A recent rally vaulted Tech valuations to significant premiums
Relative forward price-to-earnings ratios of the Information Technology sector vs. the broad market
Line chart showing the relative forward price-to-earnings ratio of the global and U.S. Information Technology sectors vs. the MSCI All-Country World Index and S&P 500 Index, respectively, since 2006. Current valuation multiples are approximately 1.5x (global) and 1.36x (U.S.).
Note: Based on the S&P 500 Information Technology Index relative to the S&P 500 Index (U.S.) and the MSCI ACWI Information Technology Index relative to the MSCI ACWI (global).

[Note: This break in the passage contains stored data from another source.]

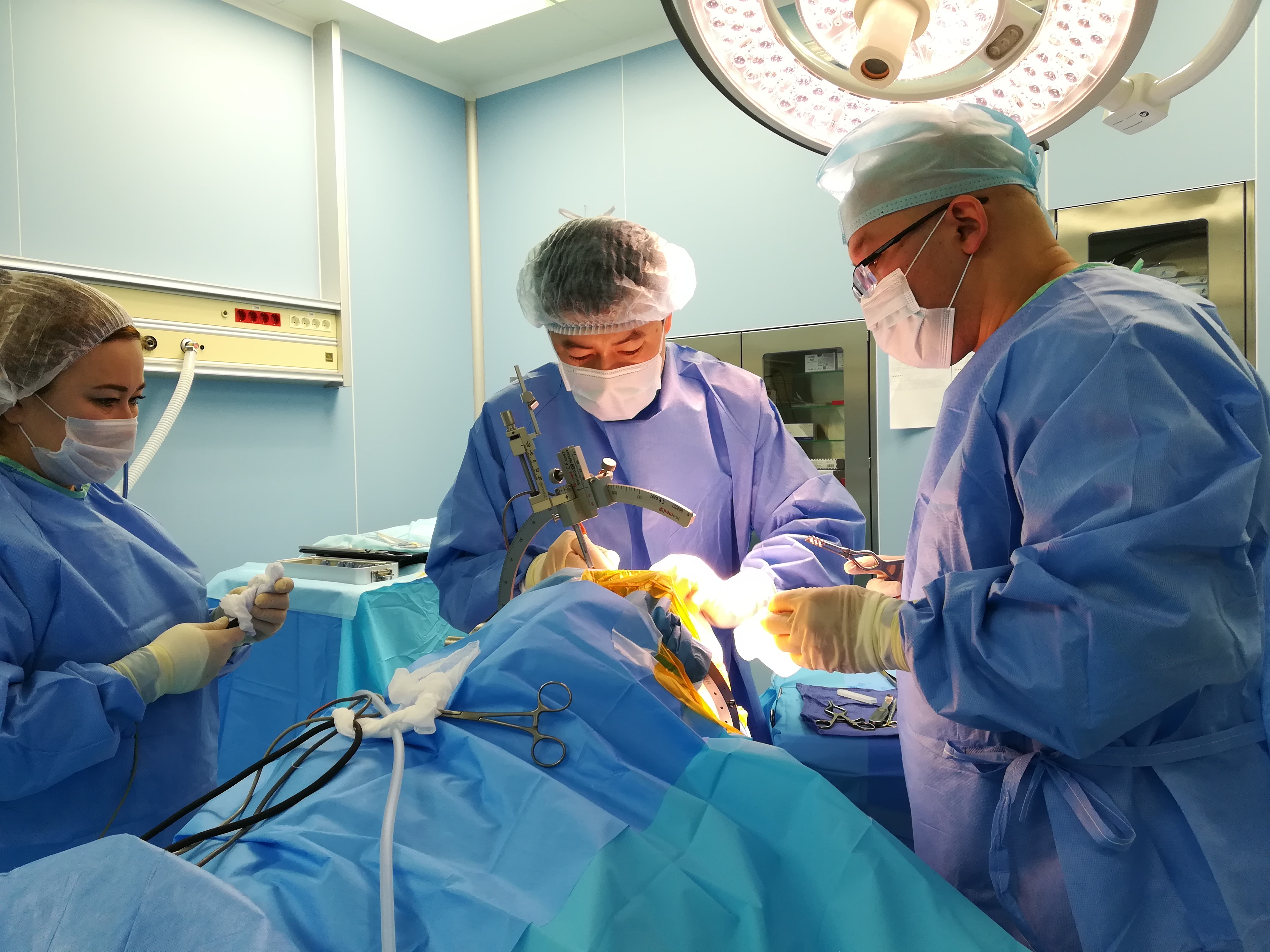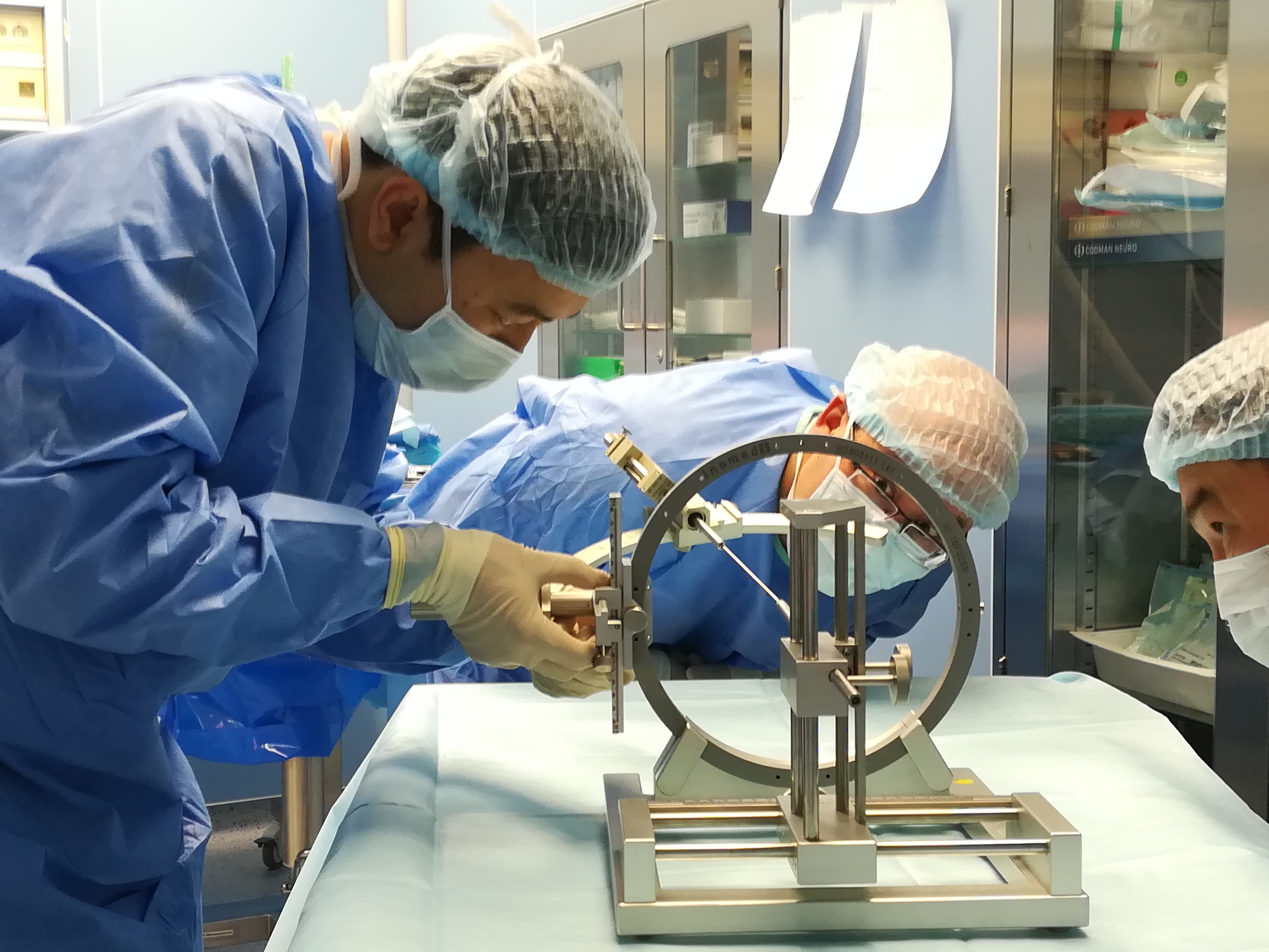Дәрігерлер командасы миды терең ынталандыру үшін стереотаксикалық жүйені қолдана отырып, қозғалыс бұзылыстарын хирургиялық емдеу тәжірибесін үздіксіз арттырады.
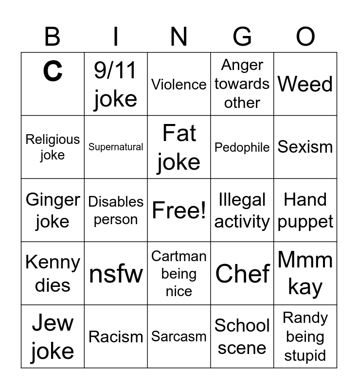 This bingo card has a free space and 24 words: Jew joke, nsfw, Fat joke, School scene, Weed, C, 9/11 joke, Violence, Illegal activity, Hand puppet, Ginger joke, Supernatural, Chef, Mmm kay, Religious joke, Racism, Sarcasm, Anger towards other, Sexism, Kenny dies, Disables person, Cartman being nice, Pedophile and Randy being stupid.
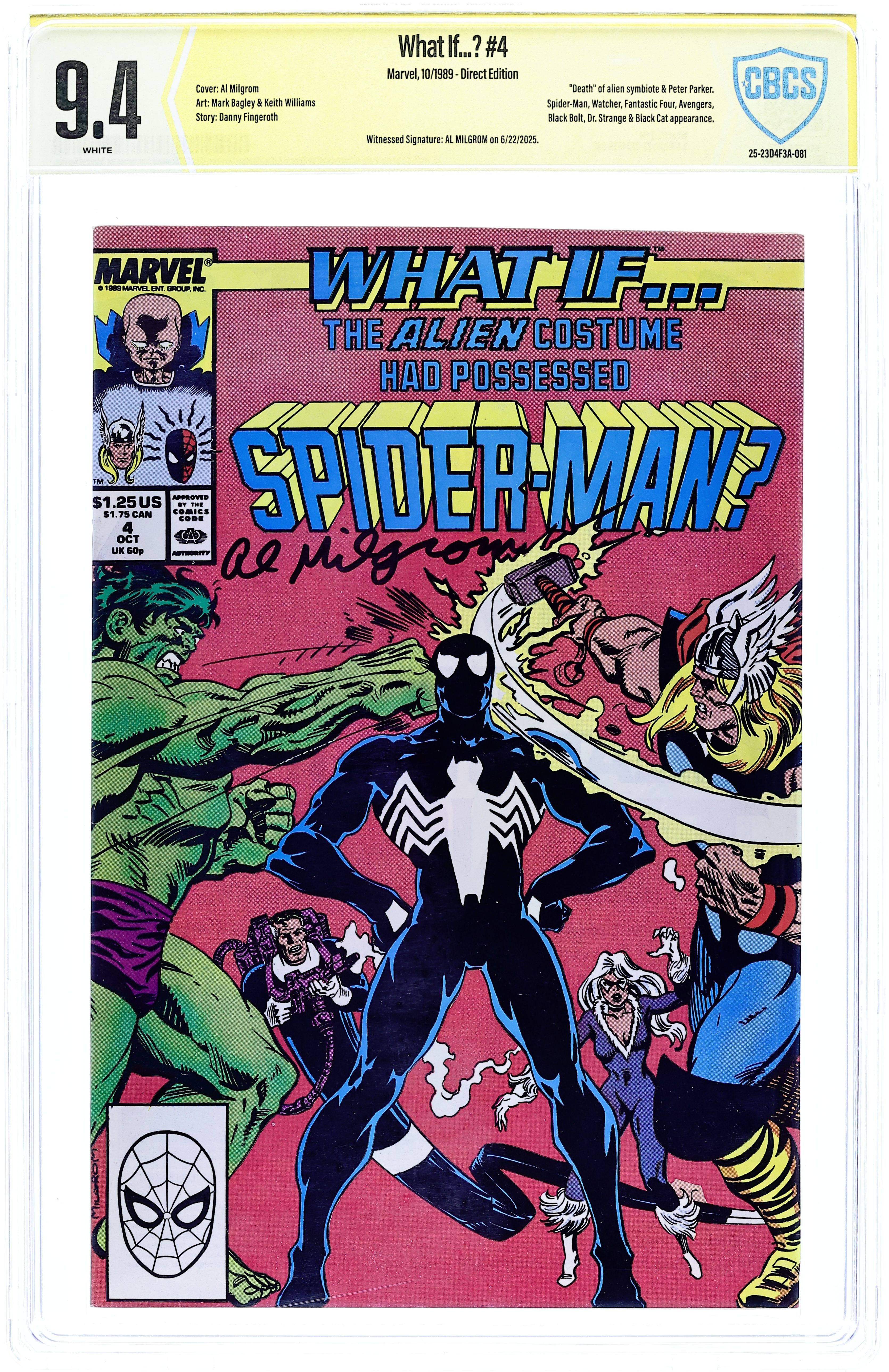 First Printing. Direct Edition. Cover art by Al Milgrom. What if the Alien Costume had Possessed Spider-Man, script by Danny Fingeroth, pencils by Mark Bagley, inks by Keith Williams; The Costume fully possesses Spider-Man, and goes on to possess Hulk and Thor. Guest starring Reed Richards (of the Fantastic Four), the Black Cat, Doctor Strange, the Avengers, and Black Bolt (of the Inhumans). Kingpin cameo. 36 pgs. $1.25. NOTE: 1993 JC Penney reprint exists. It can be identified by having the words "The Amazing Spider-Man" printed in the UPC box. Cover price $1.25.

Source: RBC Wealth Management, Bloomberg; data through 10/19/23
We note that consensus forward-12-month earnings forecasts for global equity markets are not much higher today than they were at the start of the year. This implies that most of the stock market gains in 2023 have been powered by an expansion in valuation multiples. The same holds true for the global Information Technology sector, which now trades at roughly 25x forward-12-month earnings estimates, up from just under 20x coming into the year.
Corporate earnings growth may have a more difficult time living up to the heavier dose of optimism now embedded in stock prices. For this valuation expansion to be validated, generative AI must not only revolutionize businesses but also translate positive investment sentiment into sustainable earnings streams.
Keep a broader perspective
Against this year’s backdrop of narrow leadership, we would emphasize the importance of a disciplined approach to diversification within equity portfolios. Admittedly, diversification can prove frustrating at times because it entails a tradeoff between risk and return. Maintaining a properly diversified portfolio essentially means always owning some assets that are underperforming, but this exposure to less-popular market segments can bolster portfolio performance when market leadership eventually rotates—as it often does.
This approach can help investors guard against potential unintended risks (and unpleasant surprises) stemming from an undue concentration in a single stock or a cluster of similar holdings, while positioning portfolios to navigate a broader spectrum of possible outcomes over the long term.